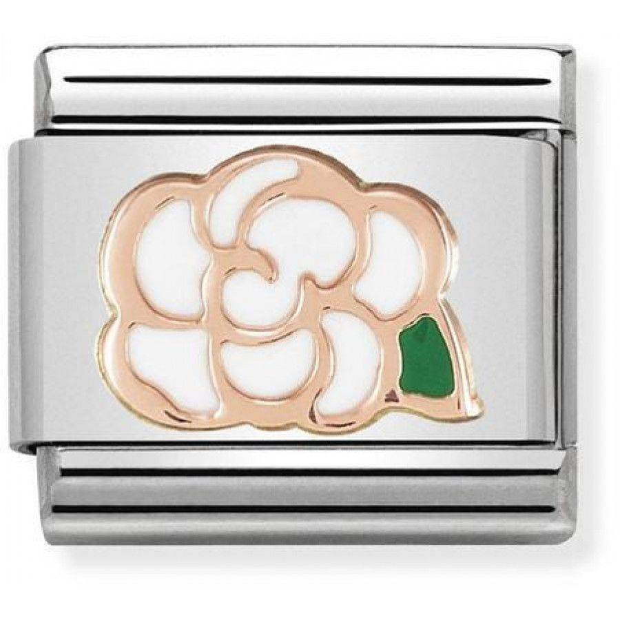 Nomination classic composable rose gold and enamel Camelia charm. The perfect link with the elegant Camelia flower for the glamorous bride.
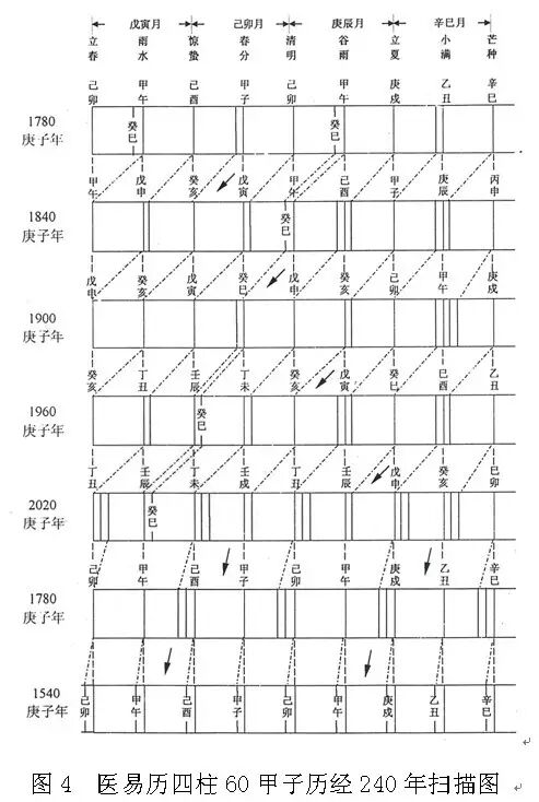 至唐代,大医家王冰、大易家李虚中等已发现,干支农历作为中医学、易学时标,其干支纪年、纪月有误。王冰认为十天干化五运、十二地支化六气描述的气象、物候变化周转周期应是回归年,干支农历中干支纪太阴年必定有误。李虚中继而认为,既然干支纪的年是回归年,干支纪月也应是以回归年为基础,将太阳周年视运动等分为十二段以之为太阳历的十二节月,干支农历中干支纪朔望月必定有误。李虚中、王冰等先哲们对干支农历作了重大唯象修正,创新出医易历。后得到元代大农学家王桢农学历《农书·授时指掌活法之图》(图1)的有力支持[7]。千百年来实践表明,医易历较能全面反映日、月、水、金、火、木、土七曜对人体的影响,可作为中医学、易学时标,用于医学预测和人生健康预测。但由于长期说不清天干、地支、60甲子等背后玄机,干支农历为什么错,医易历为什么对,千百年来医易历只能口授秘传,形成与干支农历并存的千古心照不宣困惑悬案。
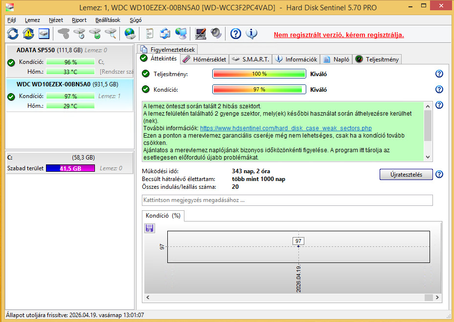 WD Blue WD10EZEX 97% 343 nap - 6000 Ft

--------

» DESCRIPTION OF THE TASK:
In your answer, copy exactly the lines running from the line with "至唐代,大医家王冰、大易家李" to the end of the material above, both included, and omit all pictures.

» TASK RESULT:
 至唐代,大医家王冰、大易家李虚中等已发现,干支农历作为中医学、易学时标,其干支纪年、纪月有误。王冰认为十天干化五运、十二地支化六气描述的气象、物候变化周转周期应是回归年,干支农历中干支纪太阴年必定有误。李虚中继而认为,既然干支纪的年是回归年,干支纪月也应是以回归年为基础,将太阳周年视运动等分为十二段以之为太阳历的十二节月,干支农历中干支纪朔望月必定有误。李虚中、王冰等先哲们对干支农历作了重大唯象修正,创新出医易历。后得到元代大农学家王桢农学历《农书·授时指掌活法之图》(图1)的有力支持[7]。千百年来实践表明,医易历较能全面反映日、月、水、金、火、木、土七曜对人体的影响,可作为中医学、易学时标,用于医学预测和人生健康预测。但由于长期说不清天干、地支、60甲子等背后玄机,干支农历为什么错,医易历为什么对,千百年来医易历只能口授秘传,形成与干支农历并存的千古心照不宣困惑悬案。
 WD Blue WD10EZEX 97% 343 nap - 6000 Ft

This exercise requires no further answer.